0004355: cache timeout issues

Viewing Issue Simple Details [ Jump to Notes ]

[ View Advanced ] [ Issue History ] [ Print ]

Category

Severity

Reproducibility

Date Submitted

Last Update

0004355

[Resin]

minor

always

01-24-11 09:19

02-11-11 16:17

Reporter

ferg

View Status

public

Assigned To

ferg

Priority

normal

Resolution

fixed

Status

closed

Product Version

Summary

0004355: cache timeout issues

Description

(rep by Jamison Novak)

At least once a day (but usually more frequently), we run into the following error:

[2011/01/24 10:38:56.908] com.caucho.bam.TimeoutException: com.caucho.cloud.bam.TriadFuture@5f997454 query timeout: 60000
                            to: cluster-cache@caa.wad.admin.resin
                            query: CacheGet[key=e89bd3ca,version=0,server=2]
                                at com.caucho.cloud.bam.TriadFuture.get(TriadFuture.java:65)
                                at com.caucho.cloud.bam.TriadFirstQuery.get(TriadFirstQuery.java:179)
                                at com.caucho.cloud.bam.BamTriadSender.queryTriadFirstRemote(BamTriadSender.java:642)
                                at com.caucho.server.distcache.CacheMnodeActor.get(CacheMnodeActor.java:126)
                                at com.caucho.server.distcache.CacheMnodeManager.get(CacheMnodeManager.java:137)
                                at com.caucho.server.distcache.CacheClusterBackingImpl.loadClusterValue(CacheClusterBackingImpl.java:53)
                                at com.caucho.server.distcache.AbstractCacheManager.loadExpiredValue(AbstractCacheManager.java:311)
                                at com.caucho.server.distcache.AbstractCacheManager.reloadValue(AbstractCacheManager.java:271)
                                at com.caucho.server.distcache.AbstractCacheManager.getMnodeValue(AbstractCacheManager.java:247)
                                at com.caucho.server.distcache.AbstractCacheManager.get(AbstractCacheManager.java:168)
                                at com.caucho.server.distcache.ProCacheEntry.get(ProCacheEntry.java:81)
                                at com.caucho.distcache.AbstractCache.get(AbstractCache.java:465)
                                at com.caucho.server.repository.ClusterRepository.checkForUpdate(ClusterRepository.java:144)
                                at com.caucho.server.repository.ClusterRepository.start(ClusterRepository.java:110)
                                at com.caucho.env.repository.RepositoryService.start(RepositoryService.java:114)
                                at com.caucho.env.service.ResinSystem.startServices(ResinSystem.java:480)
                                at com.caucho.env.service.ResinSystem.start(ResinSystem.java:452)
                                at com.caucho.server.resin.Resin.start(Resin.java:889)
                                at com.caucho.server.resin.Resin.initMain(Resin.java:1017)
                                at com.caucho.server.resin.Resin.main(Resin.java:1284)

At this point, about the only thing we can do is bounce the instance and hope it comes back up cleanly.

This morning, we ran into that problem again.

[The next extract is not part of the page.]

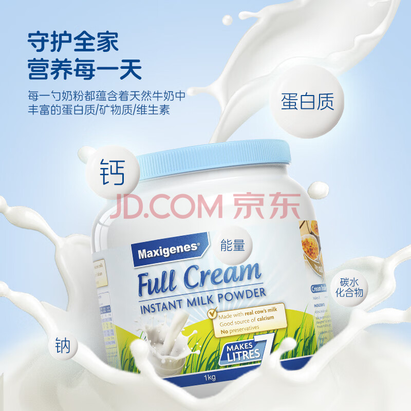 商品相册:Maxigenes美可卓正品蓝胖子全脂牛奶粉营养高钙学生成人中老年新年送礼1kg第

I bounced the instance on all 8 of our webservers and 7 of them came up cleanly. One of them did not.

The watchdog log is showing this:

[2011/01/24 10:48:41.656] {watchdog-wad-c} WatchdogChild[wad-c] starting
[2011/01/24 10:48:41.657] {watchdog-wad-c} Watchdog starting Resin[wad-c]
[2011/01/24 10:49:51.120] {watchdog-wad-c} Watchdog detected close of Resin[wad-c,pid=16232]
                                             exit reason: BAD_CONFIG (exit code=2)
[2011/01/24 10:49:51.120] {watchdog-wad-c} WatchdogChild[wad-c] starting
[2011/01/24 10:49:51.121] {watchdog-wad-c} Watchdog starting Resin[wad-c]

That just repeats as it tries to bring the instance up, decides for whatever reason that it has a BAD_CONFIG, then restarts it again. One thing to note: all 8 servers are configured identically from an operating system and Resin perspective. The resin.xml file is not bad.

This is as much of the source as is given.